A researcher who actually works with quantum pointed out something more substantive: quantum computers are good at specific algorithmic problems that involve very little data. Loading data into a quantum system is slow. The qubit counts are tiny. And the idea that quantum computing will "solve AI's scaling problem" is roughly as coherent as the idea that buying a faster blender will fix your diet. The tools do different things. But coherence has never been a requirement for investment theses.
Every time someone says there's a limit, they are proved invariably wrong because they always confuse the current trajectory with a physical law.
Maybe. Or maybe some limits are physical laws, and the people who point them out aren't pessimists — they're physicists. The history of technology is full of both: limits that turned out to be temporary engineering problems, and limits that turned out to be thermodynamics. The trouble is that investors can't tell the difference. And they don't need to — because by the time the answer is clear, they've already moved their money to the next balloon.
Here's what I keep coming back to.
The "it's a bubble" people are right about the money. The "it works" people are right about the technology. The "it'll be fine" people are right about the pattern. None of them are talking to each other.

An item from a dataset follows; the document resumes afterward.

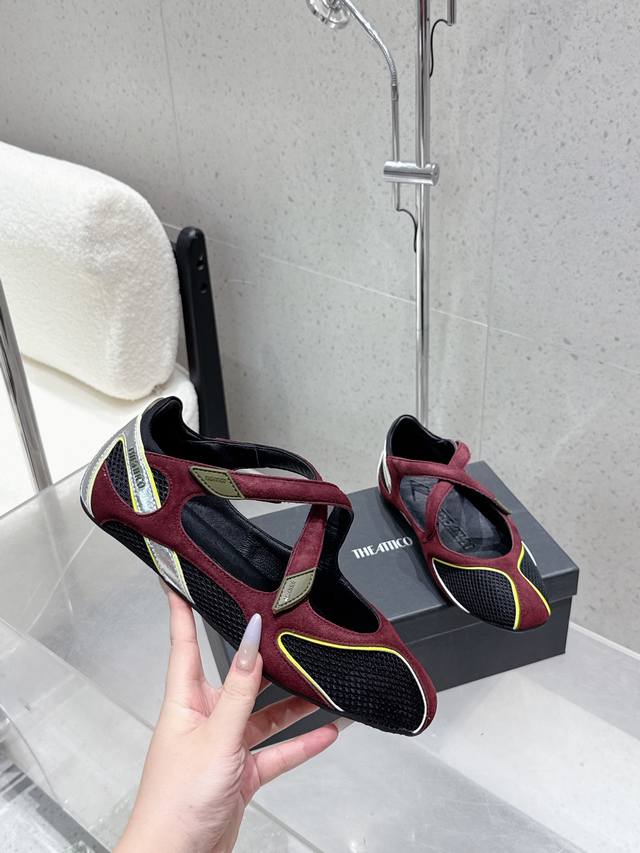 被各大品牌钟爱的芭蕾舞鞋款,以各自独有的风格被重新演绎。来自意大利的The Attico也没有错过这次机会!品牌设计前卫大胆,无论是堆堆袜靴、超阔腿牛仔工装裤都曾被Rihanna、Kylie Jenner等名人Pick过。

And if you think the disagreement is just civilians being loud — it isn't. Yann LeCun, one of the three people who won the Turing Award for inventing deep learning, has spent the last two years publicly arguing that autoregressive LLMs are a dead end, that they'll never truly understand the world, that we need an entirely different architecture. Geoffrey Hinton, another of those three Turing Award winners, believes the models already understand more than we think, and that the real problem isn't capability — it's that we're building something we might not be able to control. These two built the field. They mentored the people who run it. And they can't agree on whether the thing they created works.
If the founders of deep learning can't settle this over dinner, maybe nobody on LinkedIn is going to crack it in a carousel post.
The bubble will pop. Some companies will die. Some investors will lose badly. The financial correction will be painful and someone on LinkedIn will call it "unexpected." The junior engineers who got squeezed out during the frenzy will be the collateral damage that nobody discusses at the conferences. And somewhere, a creative mind who lost hope during the gold rush will read a headline about the crash and feel nothing, because the damage was already done before the price corrected.
And then — because this is how it always goes — the people who actually understand the technology will keep building. The useful tools will keep working. The hype layer will burn off like morning fog, and underneath it will be something genuinely transformative, built by people who were too busy shipping to have opinions about whether it was a bubble.
My stocks might be down 40% by then. My tools will still work. And the next hot take will be about quantum.